The weather in these United States has been truly frightful in the last couple of years, as this graph — provided to Congress with testimony from NOAA administrator Kathryn Sullivan last month — illustrates:
[The graph shows the number of events from last year, but this year will be worse, Sullivan said]
Yet as the demand for longer term forecasts, which are based on satellite observations, skyrockets, Congress is cutting back on the budget for satellite platforms. Sullivan warned:
Polar-orbiting satellites are the backbone of all model forecasts at three days and beyond; however, the launch of the next generation of NOAA's polar-orbiting satellites, the Joint Polar Satellite System (JPSS), has been delayed by the FY 2011 appropriations process. As a result, NOAA is faced with a nearly 100% chance of a data gap in the U.S. civilian polar orbit, on which both civilian and military users rely, by late 2016 to early 2017 when the current polar satellites reach the end of their life expectancy. JPSS is a critical part of NOAA's future infrastructure needed to continue our path of forecast improvement – and to maintain what we have built over the last 30 years.

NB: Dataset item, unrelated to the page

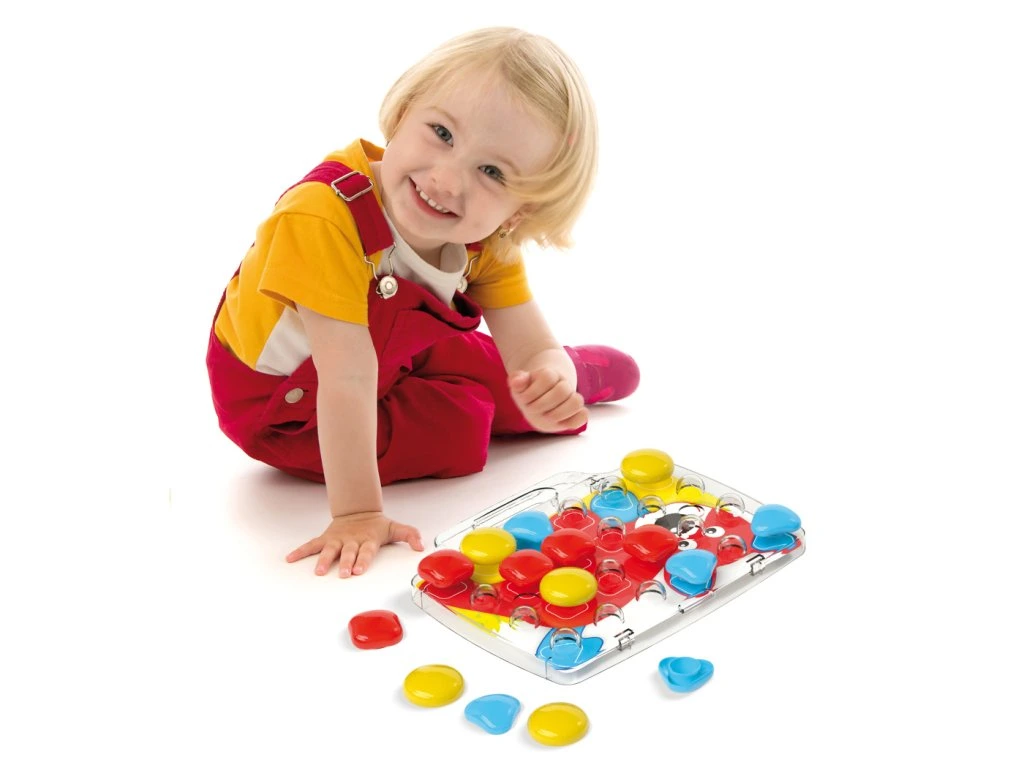 Quercetti FantaColor Baby je mozaiková hračka navržená speciálně pro nejmenší děti — ideální už od cca 18 měsíců. Balení obsahuje velké, dobře uchopitelné barevné kolíčky (Ø cca 46 mm), které děti vkládají do perforované plastové desky podle přiložených předloh. Hra podporuje rozvoj jemné motoriky, koordinace ruka–oko a zároveň pomáhá dětem rozlišovat barvy, tvary a procvičovat první logické schopnosti. Součástí sady je také kufřík s držadlem, díky kterému je hra snadno přenosná a ukliditelná — výborné pro hraní doma i na cesty. Hotové mozaiky lze skládat podle vzorových karet, ale děti mohou také volně experimentovat a vytvářet vlastní barevné obrazce, což podporuje jejich kreativitu a fantazii.

Specifically, the administration asked Congress for more money for NOAA and related satellite observation programs, about $6.5 billion, and instead Congress cut a little less than a billion from the budget, leaving the overall budget at about $4.5 billion.
NOAA chief Jane Lubchenko is not happy, and says that already the U.S. will be without a polar orbiting satellite for at least 18 months, starting in 2016.
“Whether the gap is longer than that depends on whether we get the money”— $1 billion — “in the next budget,” warned Dr. Lubchenco, an environmental scientist. “I would argue that these satellites are critically important to saving lives and property and to enabling homeland security.”
Congress isn't listening; in fact, the GOP wants to fund disaster relief only if matching cuts can be made elsewhere, and may force victims of disasters in the Mid-West to wait as Hurricane Irene victims get immediate help, according to a front-page story in today's Los Angeles Times.
But don't worry! Insiders agree: The GOP is the anti-science party. Er, not.